#### [Problem to work on]
Leaving out every picture, copy the lines of the material below exactly, from the line containing "ブラック横⽬地サイディングと" through the line containing "Bureau, mezzanine (6,00m²), parquet".

#### [Stored data]
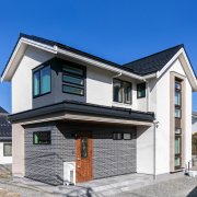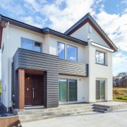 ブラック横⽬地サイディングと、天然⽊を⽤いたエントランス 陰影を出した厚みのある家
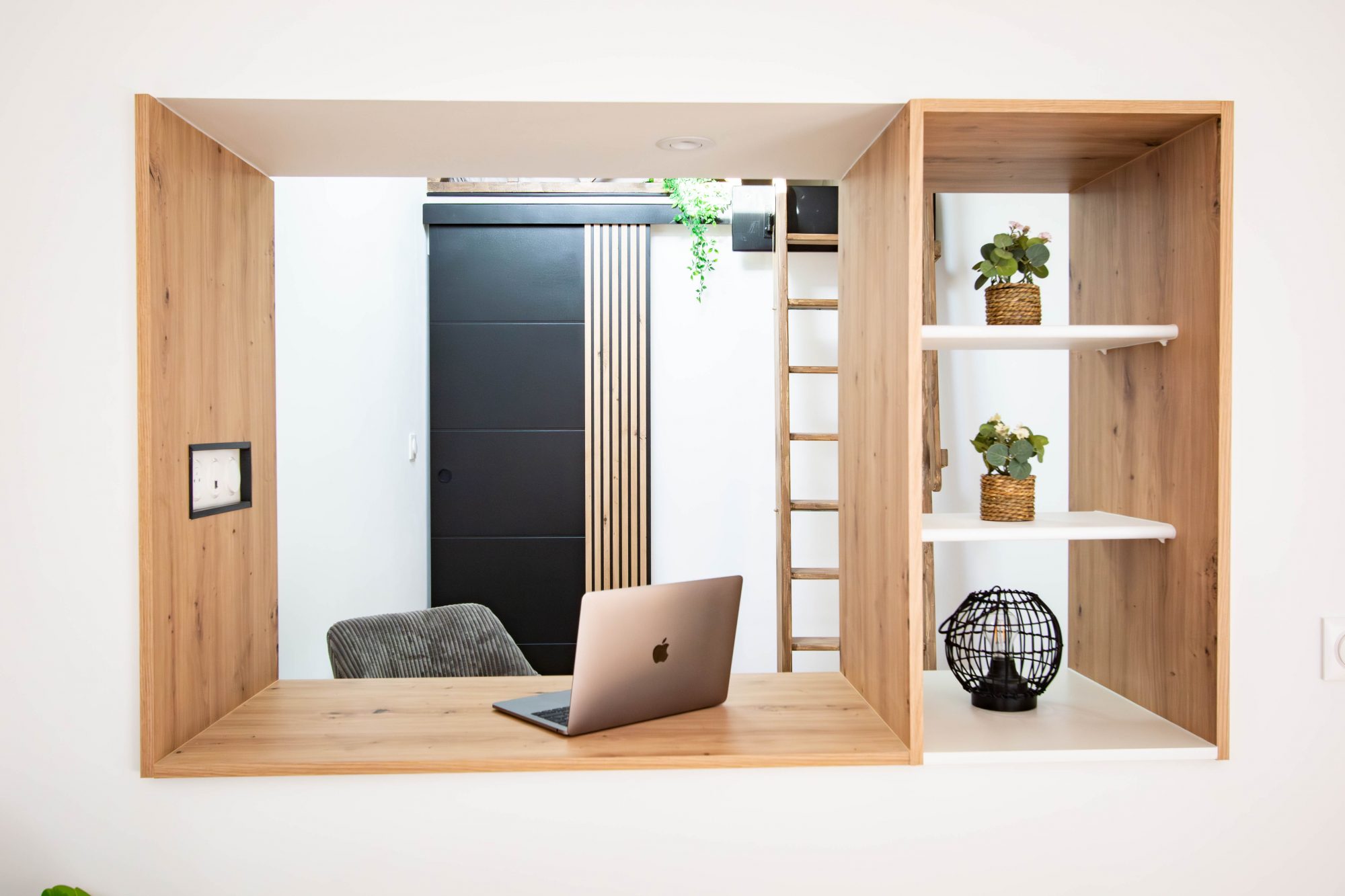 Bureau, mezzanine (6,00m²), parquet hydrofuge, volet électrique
==
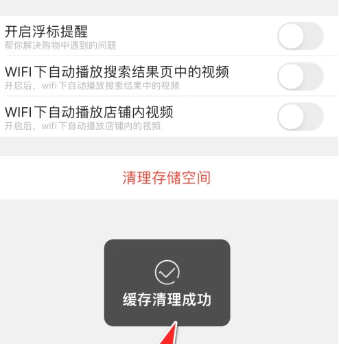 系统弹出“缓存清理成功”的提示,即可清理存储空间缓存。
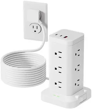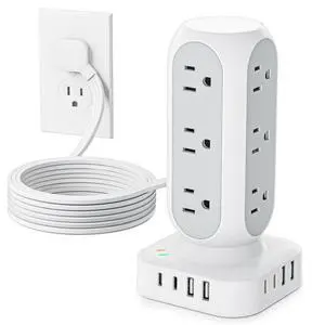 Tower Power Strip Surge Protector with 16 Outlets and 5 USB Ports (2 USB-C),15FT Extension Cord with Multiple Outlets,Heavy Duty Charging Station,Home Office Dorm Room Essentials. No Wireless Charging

#### [Task output]
 ブラック横⽬地サイディングと、天然⽊を⽤いたエントランス 陰影を出した厚みのある家
 Bureau, mezzanine (6,00m²), parquet hydrofuge, volet électrique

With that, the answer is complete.